Segundo ela, as ameaças são constantes em todo o país: - Temos relatos de um conselheiro que precisou se esconder embaixo de
um Fusca e levou um tiro e até de casos de morte. Na Bahia, uma
conselheira foi recebida pela família da criança em casa e morta a
facadas.
No último dia 6, em Poção, Pernambuco, uma outra tragédia aconteceu:
três conselheiros foram assassinados enquanto acompanhavam um menino de
três anos e a avó, também executada. A chacina fez com que conselheiros
de 24 estados fizessem manifestação na quinta-feira passada - dia em que
tomou posse, em Brasília, a nova diretoria do Conselho Nacional dos
Direitos da Criança e do Adolescente (Conanda), ligado à Secretaria de
Direitos Humanos e responsável pelas recomendações enviadas aos 5.946
conselhos tutelares.
Em Recife, mais de 500 conselheiros participaram do ato e assinaram
um manifesto, no qual denunciam coação e ameaça constante por parte de
juízes, promotores, delegados e até políticos, além da falta de
autonomia e o descumprimento de obrigações por parte de municípios,
estados e União. Entre os que caminhavam segurando bandeiras pretas,
estava Nilma Pereira. Em junho de 2013, ela foi agredida por uma
adolescente na sede do conselho. Com um caco de vidro, a jovem, de 16
anos, cortou o rosto dela, que levou dez pontos: - Ela era usuária de drogas, um problema corriqueiro. Foi ao
conselho, abriu minha bolsa, pegou o dinheiro e foi saindo. Eu a
alcancei, e ela me agrediu. A sorte foi não ter pego no pescoço.
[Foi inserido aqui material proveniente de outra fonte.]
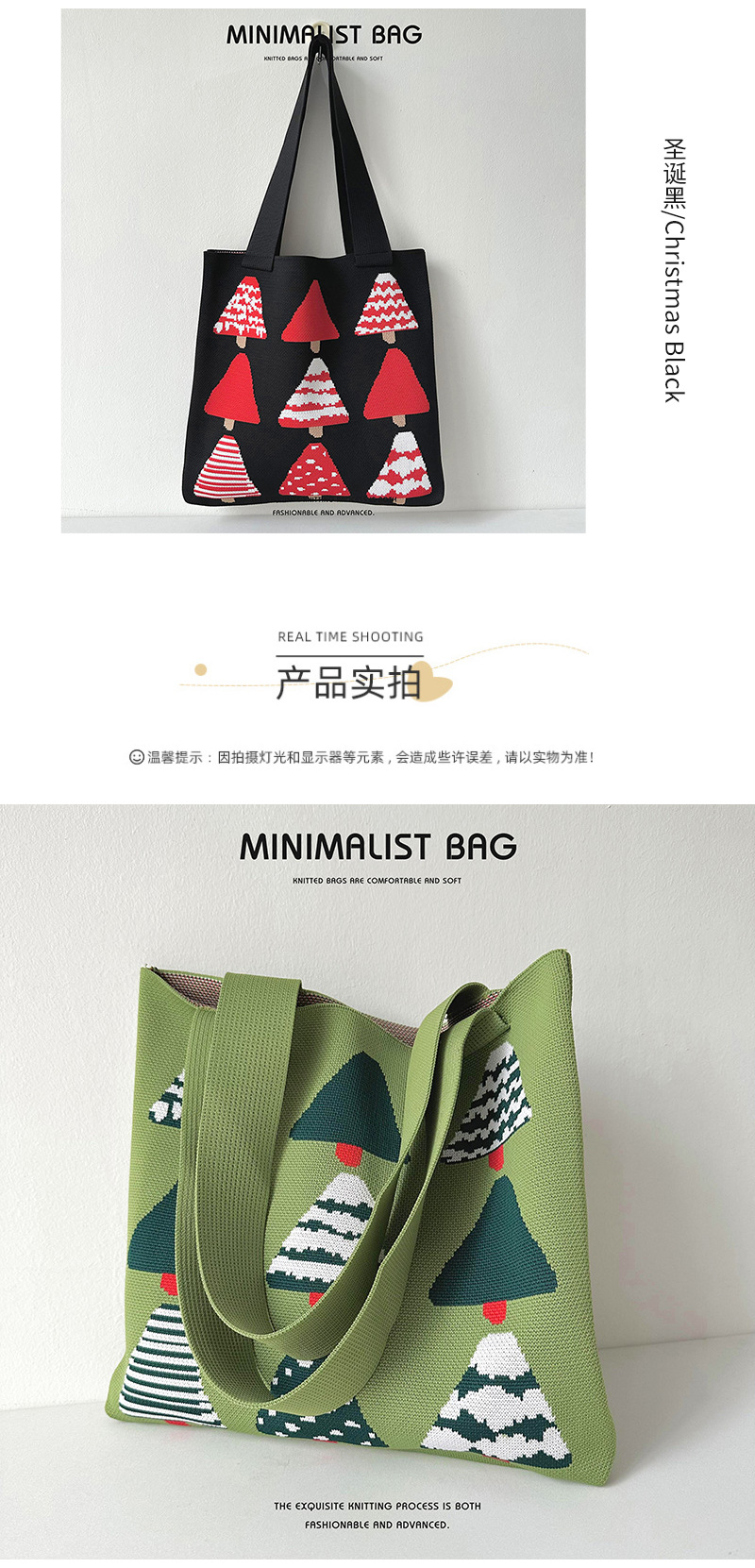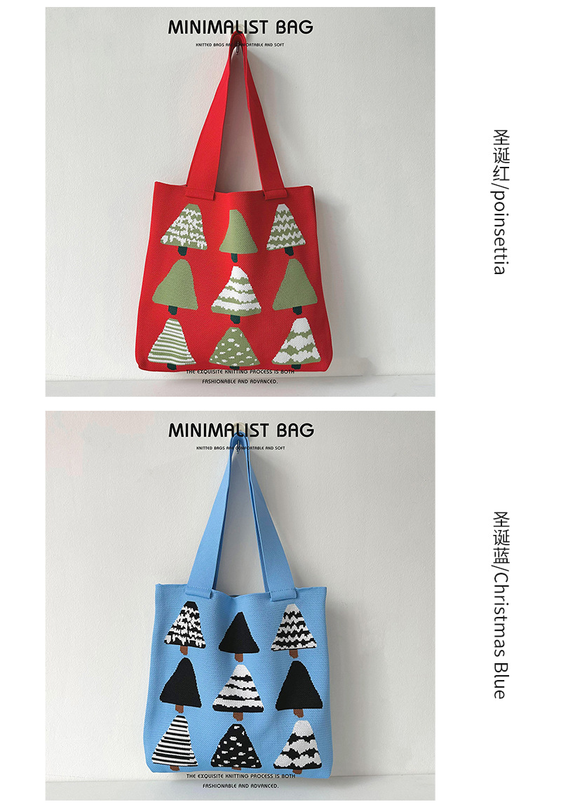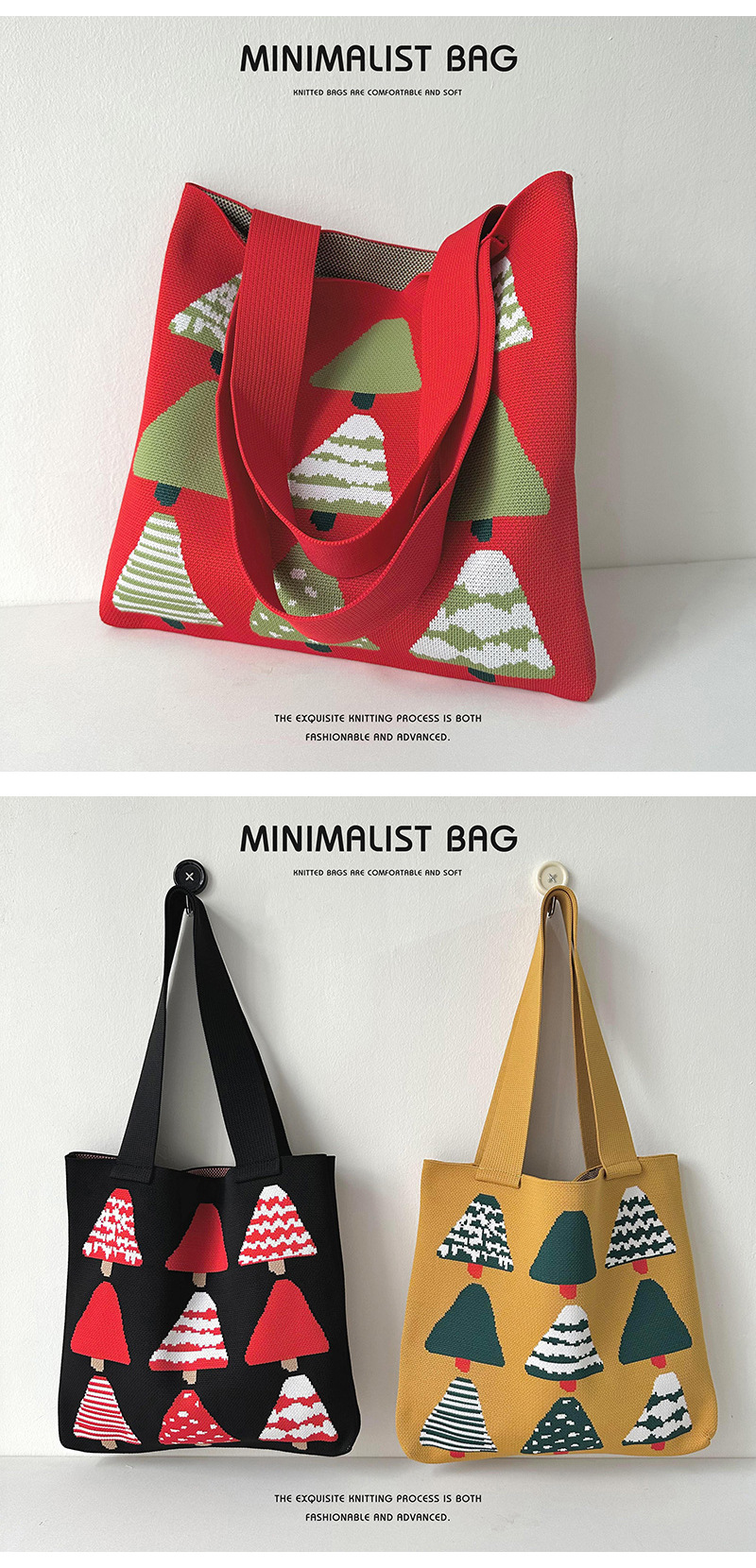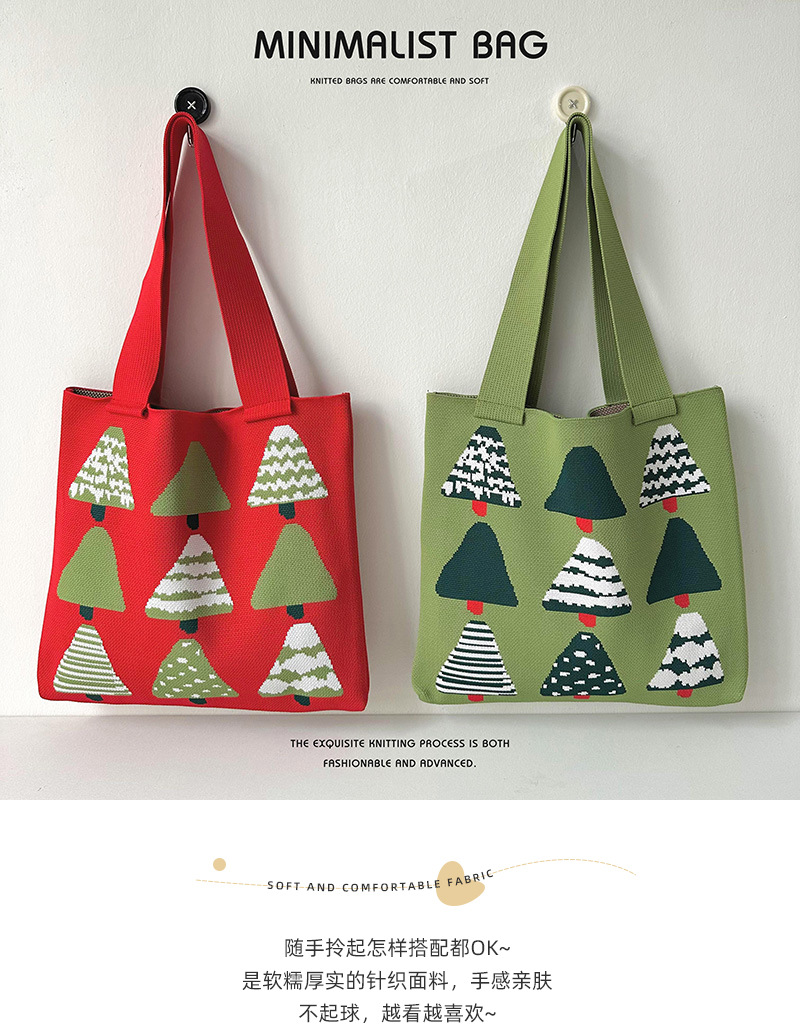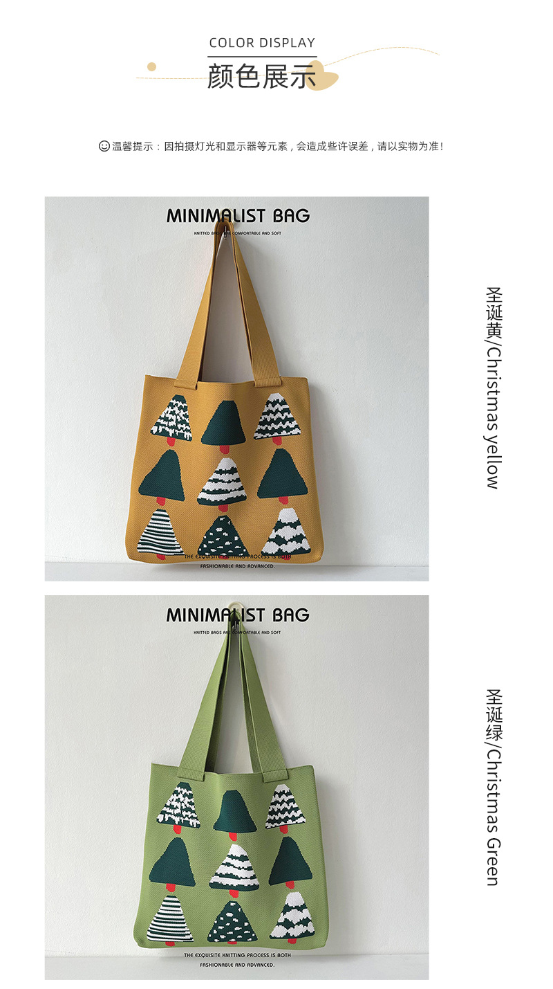Estilo coreano de dibujos animados creativo árbol de Navidad bolso de punto de las mujeres de moda versátil de gran capacidad estudiante bolsa de compras bolsa de hombro

Keith Argolo, do Conselho em Salvador, diz que os conselheiros muitas vezes assumem funções não previstas na lei: - As notificações judiciais, por exemplo, deveriam ser entregues pelo
oficial de Justiça. É nessa hora que acontece a maioria das ameaças.
Criados a partir do Estatuto da Criança e do Adolescente (ECA), os
conselhos tutelares são responsáveis pelo enfrentamento à violência
física e psicológica, à exploração sexual e à negligência dos que têm
até 18 anos. Em 2013, pesquisa feita pela secretaria apontava déficit de
5%, já que todos os municípios deveriam ter um conselho para cada cem
mil habitantes. - A maioria das prefeituras sequer reconhece o conselho como um dos
órgãos da administração pública. Muitas nem cumprem, por exemplo, a lei
que as obriga a pagar férias e 13º salário e a dar licença maternidade -
diz Geraldo Nóbrega, que integra o Fórum Colegiado. - Infelizmente, falta conhecimento também aos juízes e promotores
sobre as atribuições dos conselhos. É isso que faz com que conselheiros
cumpram ordens judiciais, tenham que fazer internação involuntária e
lidar com adolescentes infratores - destaca Vânia.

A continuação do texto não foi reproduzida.